◆ Requirement:
Using the data below, return the stretch from the line that contains "Acessível pelo menu" through the line that contains "hand knitted 手編み", both included, exactly as it stands and nothing beyond it.

◆ Excerpted records:
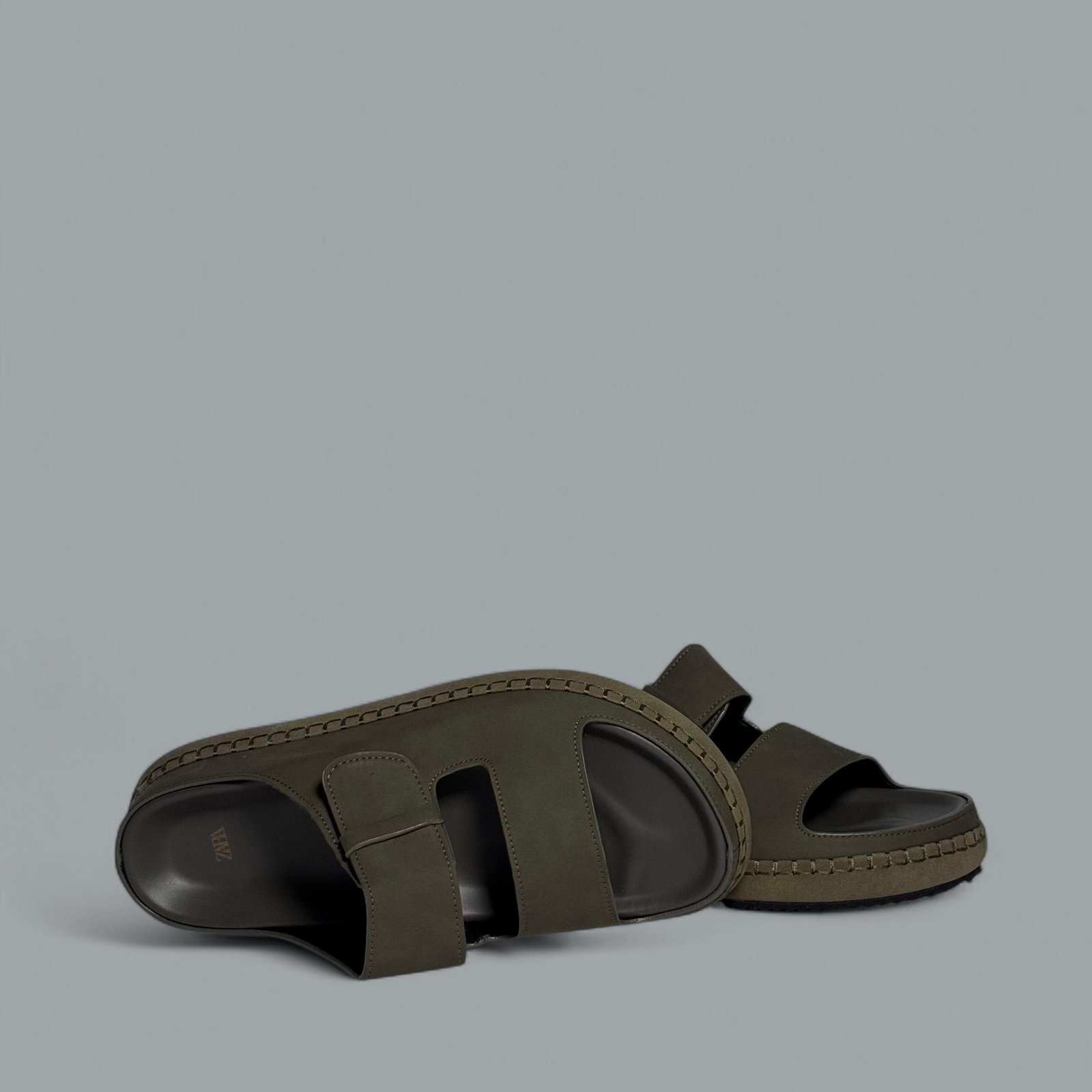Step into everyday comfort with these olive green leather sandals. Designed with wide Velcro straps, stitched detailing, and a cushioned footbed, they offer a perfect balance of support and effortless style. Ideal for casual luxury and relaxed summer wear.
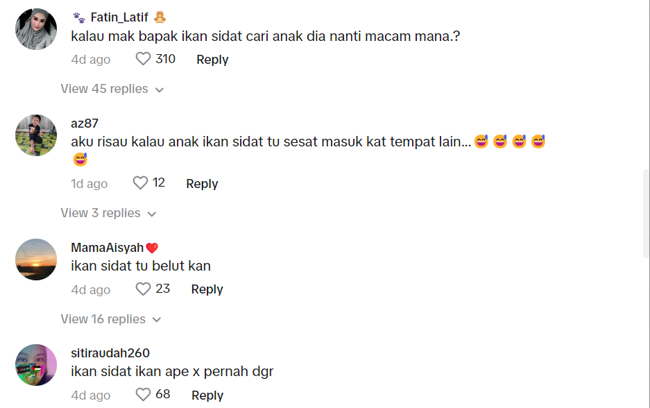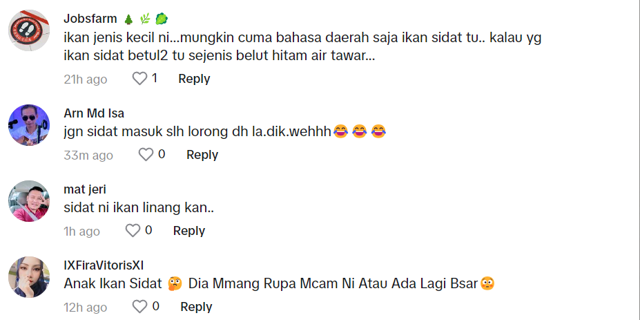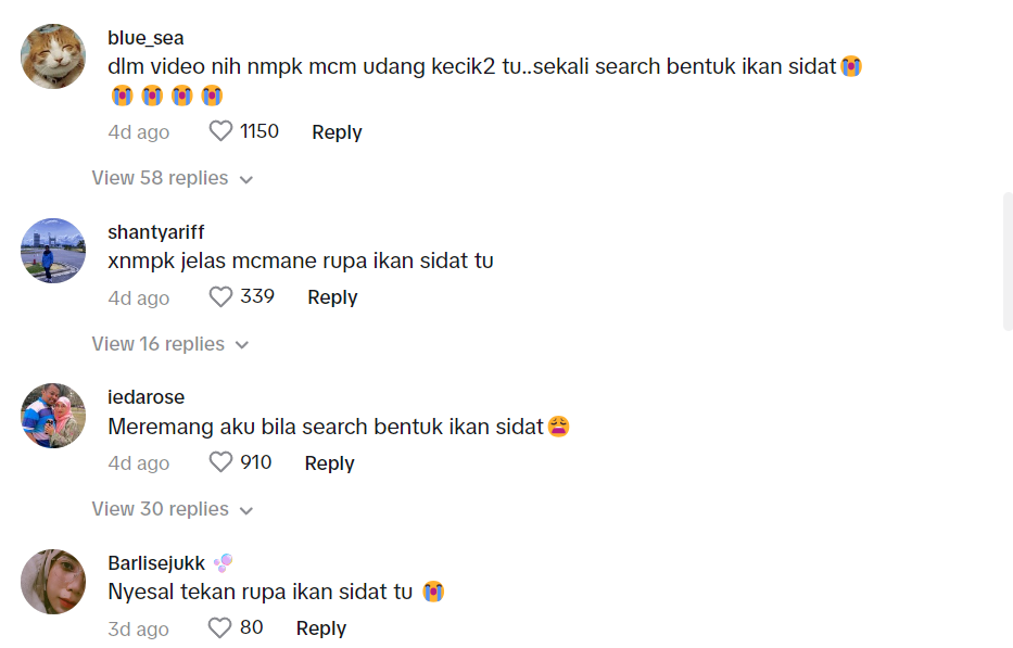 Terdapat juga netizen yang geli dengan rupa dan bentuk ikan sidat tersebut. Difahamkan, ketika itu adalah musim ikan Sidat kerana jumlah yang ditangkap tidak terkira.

* * *

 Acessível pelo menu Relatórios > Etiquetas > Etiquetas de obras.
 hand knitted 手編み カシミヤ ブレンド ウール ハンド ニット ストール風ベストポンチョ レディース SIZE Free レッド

◆ Response area:
 Acessível pelo menu Relatórios > Etiquetas > Etiquetas de obras.
 hand knitted 手編み カシミヤ ブレンド ウール ハンド ニット ストール風ベストポンチョ レディース SIZE Free レッド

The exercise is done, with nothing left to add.